Transcribe the listing that follows in full, exactly, and drop its images.

■ Stored data
Content starts
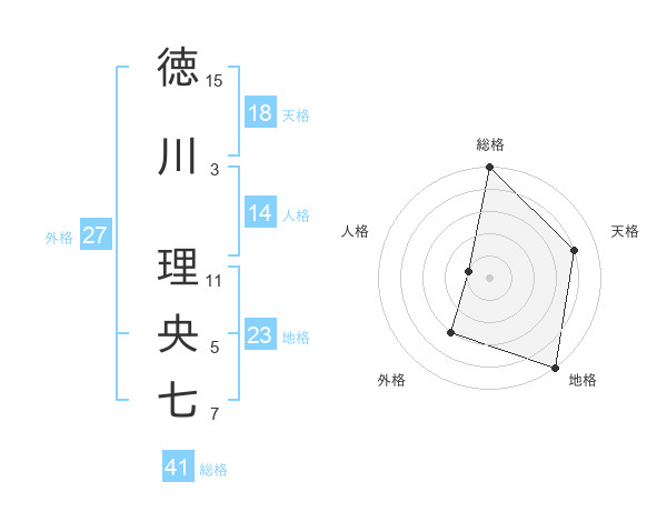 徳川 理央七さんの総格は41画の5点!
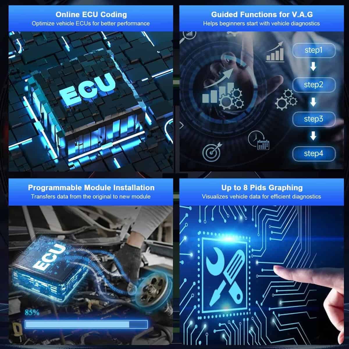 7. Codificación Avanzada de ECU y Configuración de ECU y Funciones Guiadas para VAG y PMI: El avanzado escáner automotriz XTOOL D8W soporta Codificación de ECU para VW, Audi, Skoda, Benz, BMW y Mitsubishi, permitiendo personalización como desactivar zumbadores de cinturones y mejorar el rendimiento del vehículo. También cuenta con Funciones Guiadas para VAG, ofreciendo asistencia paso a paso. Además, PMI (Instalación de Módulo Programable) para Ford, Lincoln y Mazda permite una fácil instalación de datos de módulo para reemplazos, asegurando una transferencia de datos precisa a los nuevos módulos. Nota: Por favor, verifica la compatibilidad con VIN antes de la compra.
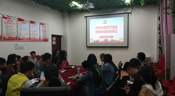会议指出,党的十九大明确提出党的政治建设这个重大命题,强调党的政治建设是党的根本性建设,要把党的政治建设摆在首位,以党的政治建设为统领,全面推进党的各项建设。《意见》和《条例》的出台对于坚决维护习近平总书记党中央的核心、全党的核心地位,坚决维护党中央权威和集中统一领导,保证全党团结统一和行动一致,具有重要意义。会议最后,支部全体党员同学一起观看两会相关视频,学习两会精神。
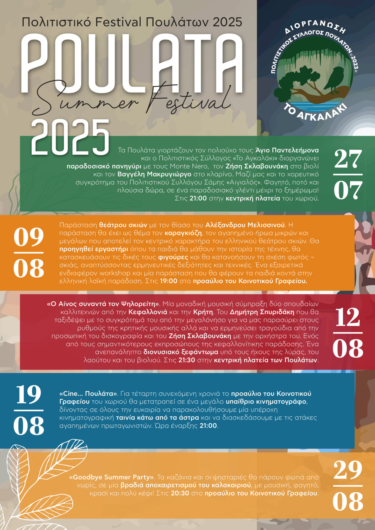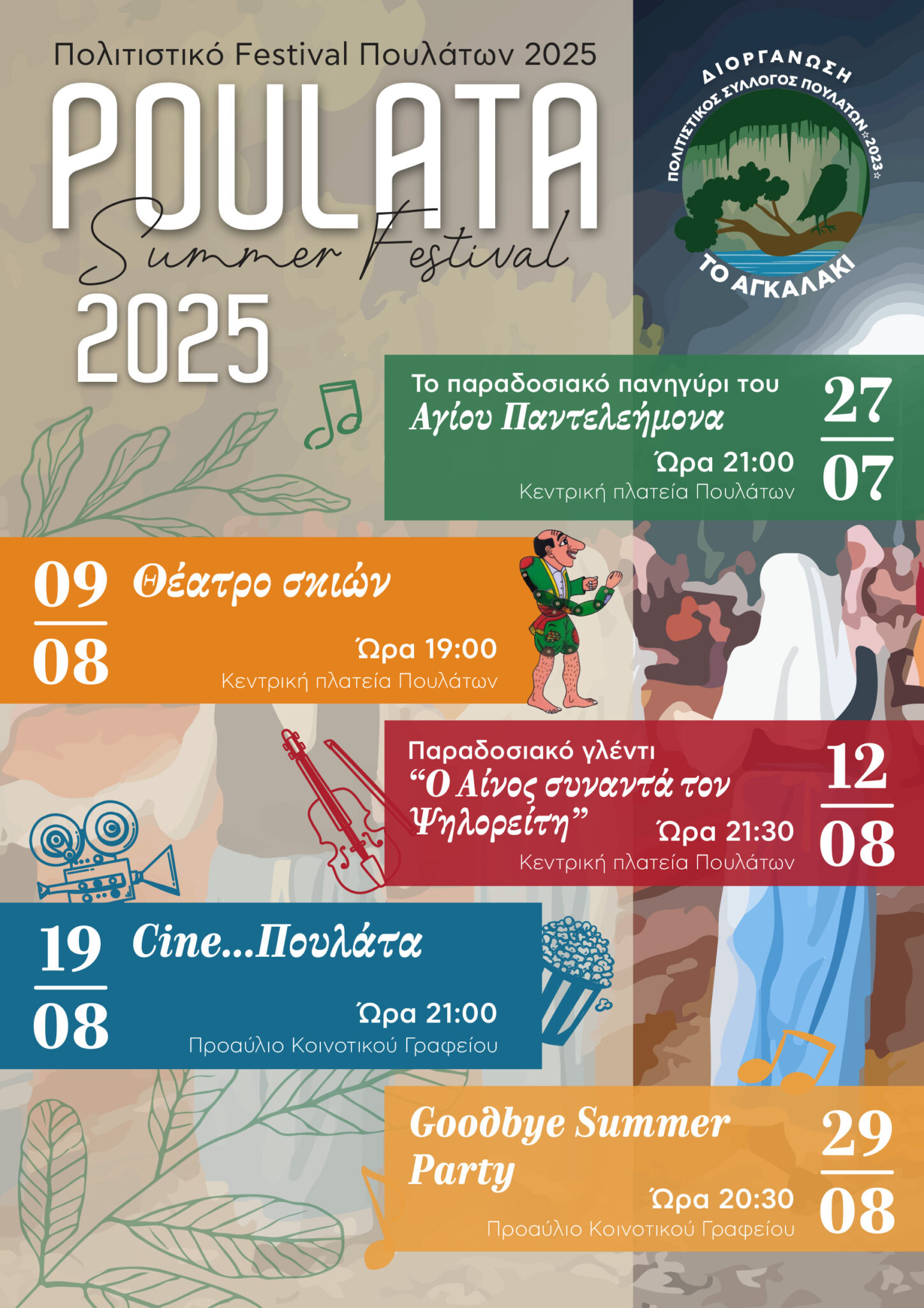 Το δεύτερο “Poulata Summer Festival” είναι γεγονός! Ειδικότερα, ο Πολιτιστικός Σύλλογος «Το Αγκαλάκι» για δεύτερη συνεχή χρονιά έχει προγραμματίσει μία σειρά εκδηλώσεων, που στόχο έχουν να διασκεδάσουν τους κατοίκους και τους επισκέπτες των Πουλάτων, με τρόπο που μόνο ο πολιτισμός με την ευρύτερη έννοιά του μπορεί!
Content ends
■ Exercise output
 徳川 理央七さんの総格は41画の5点!
 7. Codificación Avanzada de ECU y Configuración de ECU y Funciones Guiadas para VAG y PMI: El avanzado escáner automotriz XTOOL D8W soporta Codificación de ECU para VW, Audi, Skoda, Benz, BMW y Mitsubishi, permitiendo personalización como desactivar zumbadores de cinturones y mejorar el rendimiento del vehículo. También cuenta con Funciones Guiadas para VAG, ofreciendo asistencia paso a paso. Además, PMI (Instalación de Módulo Programable) para Ford, Lincoln y Mazda permite una fácil instalación de datos de módulo para reemplazos, asegurando una transferencia de datos precisa a los nuevos módulos. Nota: Por favor, verifica la compatibilidad con VIN antes de la compra.
会议指出,党的十九大明确提出党的政治建设这个重大命题,强调党的政治建设是党的根本性建设,要把党的政治建设摆在首位,以党的政治建设为统领,全面推进党的各项建设。《意见》和《条例》的出台对于坚决维护习近平总书记党中央的核心、全党的核心地位,坚决维护党中央权威和集中统一领导,保证全党团结统一和行动一致,具有重要意义。会议最后,支部全体党员同学一起观看两会相关视频,学习两会精神。
 Το δεύτερο “Poulata Summer Festival” είναι γεγονός! Ειδικότερα, ο Πολιτιστικός Σύλλογος «Το Αγκαλάκι» για δεύτερη συνεχή χρονιά έχει προγραμματίσει μία σειρά εκδηλώσεων, που στόχο έχουν να διασκεδάσουν τους κατοίκους και τους επισκέπτες των Πουλάτων, με τρόπο που μόνο ο πολιτισμός με την ευρύτερη έννοιά του μπορεί!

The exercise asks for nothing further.